Problem to solve: Go through the listing and return every line with "roupa" in it.

Records shown:
····················
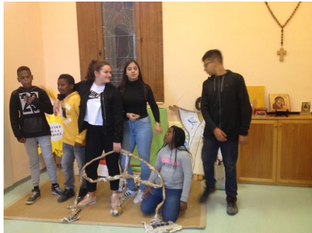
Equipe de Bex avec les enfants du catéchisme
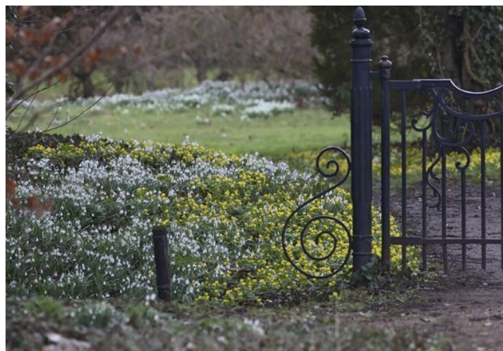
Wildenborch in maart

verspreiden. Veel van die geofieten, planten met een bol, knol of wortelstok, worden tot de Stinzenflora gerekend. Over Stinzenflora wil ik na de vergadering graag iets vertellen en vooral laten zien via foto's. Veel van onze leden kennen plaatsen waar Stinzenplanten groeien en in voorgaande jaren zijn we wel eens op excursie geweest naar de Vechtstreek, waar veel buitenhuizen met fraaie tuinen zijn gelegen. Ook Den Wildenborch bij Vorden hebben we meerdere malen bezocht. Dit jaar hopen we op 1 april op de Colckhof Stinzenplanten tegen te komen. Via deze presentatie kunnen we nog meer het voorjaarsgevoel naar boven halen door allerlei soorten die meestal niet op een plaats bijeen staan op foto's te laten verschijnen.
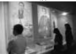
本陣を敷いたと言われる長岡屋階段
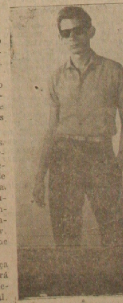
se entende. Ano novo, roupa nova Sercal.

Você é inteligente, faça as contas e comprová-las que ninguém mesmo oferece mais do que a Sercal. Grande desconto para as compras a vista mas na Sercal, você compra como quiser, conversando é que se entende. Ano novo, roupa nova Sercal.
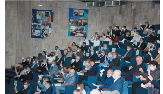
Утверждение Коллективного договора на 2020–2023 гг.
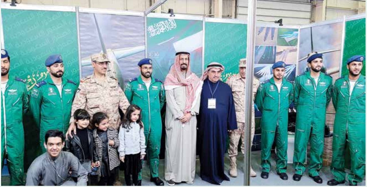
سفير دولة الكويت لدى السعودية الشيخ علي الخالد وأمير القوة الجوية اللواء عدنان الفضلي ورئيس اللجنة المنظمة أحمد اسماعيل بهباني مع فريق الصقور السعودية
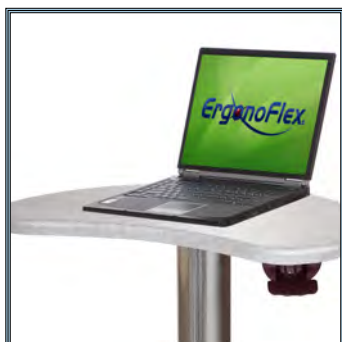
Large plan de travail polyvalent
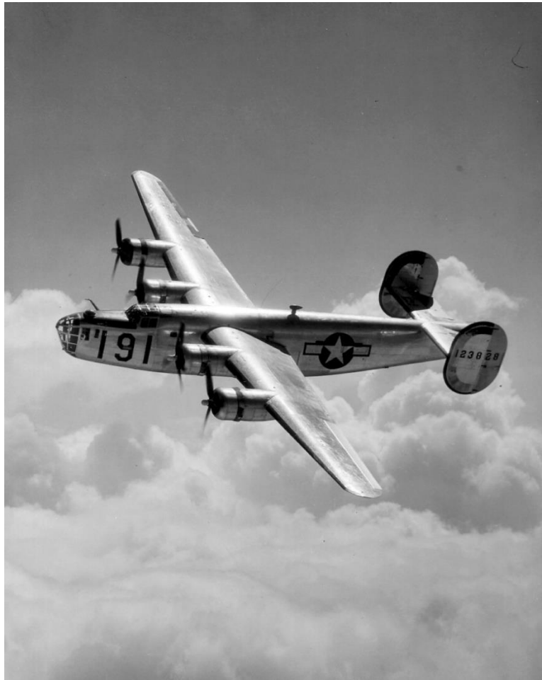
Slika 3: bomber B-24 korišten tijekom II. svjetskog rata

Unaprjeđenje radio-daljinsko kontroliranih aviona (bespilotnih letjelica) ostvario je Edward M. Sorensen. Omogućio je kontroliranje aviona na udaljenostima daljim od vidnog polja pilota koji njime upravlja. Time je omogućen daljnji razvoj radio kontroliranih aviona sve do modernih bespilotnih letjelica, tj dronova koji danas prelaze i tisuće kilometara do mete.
····················
Solution below:
se entende. Ano novo, roupa nova Sercal.
Você é inteligente, faça as contas e comprová-las que ninguém mesmo oferece mais do que a Sercal. Grande desconto para as compras a vista mas na Sercal, você compra como quiser, conversando é que se entende. Ano novo, roupa nova Sercal.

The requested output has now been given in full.